The forum convenes at 10 a.m. in the Assembly Room 101-A&B, National Research Center for Coal and Energy.
This bill creates incentives to meet an audit schedule where the Pentagon will have increased authority to reprogram funds without congressional approval, with notification still required, and the Pentagon will tell Congress which reports are obsolete, which will save taxpayer dollars by reducing unneeded bureaucracy.
Among provisions, no new major weapon system unless needed to fill an urgent national security need can progress past research and development until an audit is done.
In other congressional news, Sen. Jay Rockefeller, D-W.Va., was disappointed Republicans blocked a vote on his Cybersecurity Act of 2012.
"We worked hard for more than three years and now because a handful of Republican senators are afraid of crossing the Chamber of Commerce's beltway lobbyists, we may end up with nothing on this urgent issue," he said. "The only thing more upsetting than the chamber sinking this bill is the attempt by some to demand a vote on repealing health care coverage for families across the country and new preventive care offerings as a condition for voting on cyber security. To combine those two issues is a cynical, political ploy."
Manchin introduced an amendment to the Cybersecurity Act to ensure infrastructure has enough backup power. The amendment, supported by Rockefeller, would require the Government Accountability Office to conduct a study to determine whether both public and private infrastructure have enough backup services to endure both natural and man-made disasters.

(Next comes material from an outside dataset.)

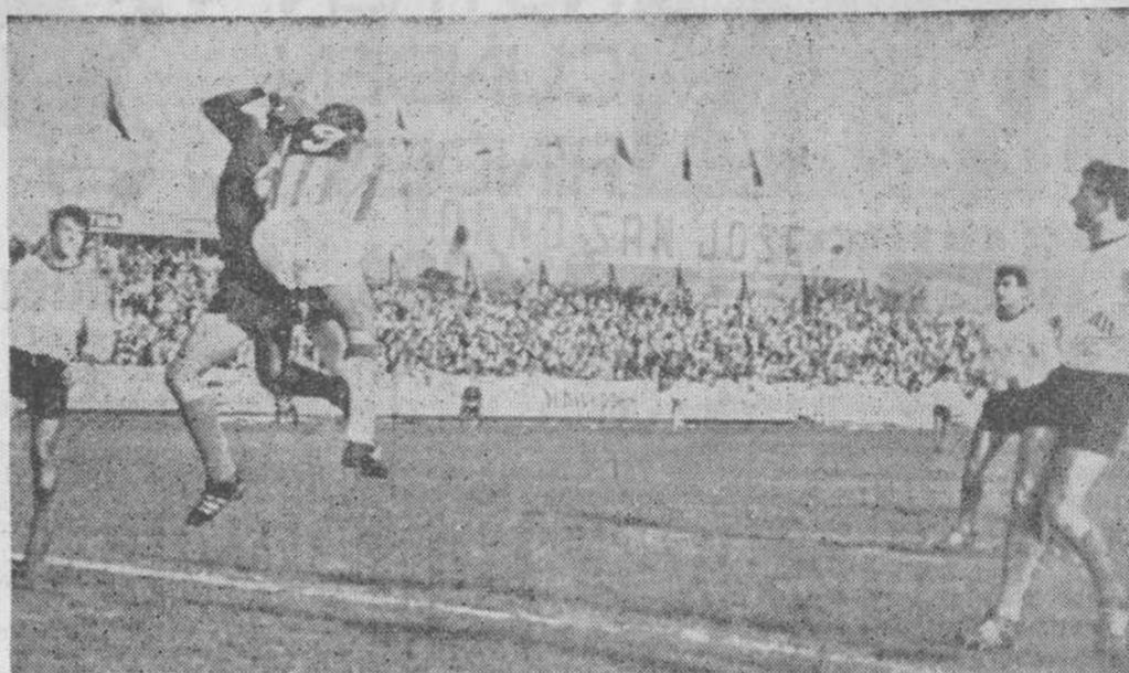
El portero del Mestalla se anticipa a la acción de Gradín y se hace con el balón, que éste intentaba rematar de cabeza.

Las circunstancias nos habían impedido ver a la Gimnástica en la presente temporada, hasta ayer. Eran varios y contradictorios los informes que teníamos acerca del valor exacto del equipo. Frente a este primer encuentro de Copa, tenía a un Mestalla con buen estilo técnico, con perfecto dominio de la situación en el campo, pero con movimientos lentos —así nos parecieron—, aunque muy peligrosos en los contraataques. El resultado ha sido decepcionante: 1-0 en contra de los gimnásticos. No podríamos decir que haya sido un resultado injusto, y, sin embargo, la Gimnástica, al menos en los primeros veinte minutos de la primera parte, mereció marcar. Fueron éstos los me-

"In the aftermath of the severe storms that hit West Virginia and the entire East Coast this summer, we learned that our nation's infrastructure is extremely vulnerable. Now imagine if the outage was because of an intentional attack," Manchin said. "Up and down the East Coast, our electric grid was crippled by the storm because there is no backup plan that would keep the vital necessities of life running during these major storms."